For instance, Mathis says, “A1C levels with type 2 diabetes in patients can drop drastically by integrating prescription vegetables and dining-for-diabetes programs that move the patient through a food-to-plate pipeline (i.e., growing food in a garden and learning to prepare healthier meals). In addition, when patients, their families and the community at large (social soils) interact with the actual soil (garden and farm), we begin to develop an important component in designing health into our cities,” he says. “Simply, it’s about connecting to the very thing that connects all of us—the soil, the food and the citizens who consume it.

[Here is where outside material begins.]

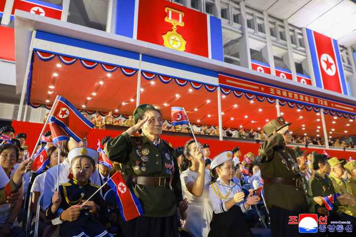 Two North Korean war veterans give a salute as North Korean soldiers march in a parade in Pyongyang on July 27, 2025, to celebrate the 72nd anniversary the same day of the armistice that halted the 1950-53 Korean War, in this photo released by the North's official Korean Central News Agency the next day. North Korea refers to the three-year conflict as the Great Fatherland Liberation War and designates the date of the armistice signing as Victory Day. (For Use Only in the Republic of Korea. No Redistribution) (Yonhap)

“We are co-designing a step-by-step video that will unpack how to start this type of healthy community initiative,” Mathis explains.
Healthy Foods, the Environment and Classrooms
In collaboration with the Career Center, the Story of the Plate is also a part of the comprehensive educational effort to integrate experiential learning into the classroom that includes course in alternative energy, environmental science, culinary arts, digital media and others.
Co-founder of the Curriculum Design initiative Kai Ehnes states that “the course curriculum that we are co-creating here can be replicated anywhere, at any school and most importantly it prepares students for the economy of the future: a bio-based economy.”
“Telling a new story of the plate is simply about reconnecting with natural cycles that make life possible on our little blue miracle planet,” said Mathis. “It’s about connecting waste-to-soil and soil-to-food.”
“Food equals health,” he concludes. And for this North Carolina community and others participation in Building Community Resilience initiatives, better health for the individual and the community at large is an achievable goal, one bite at a time.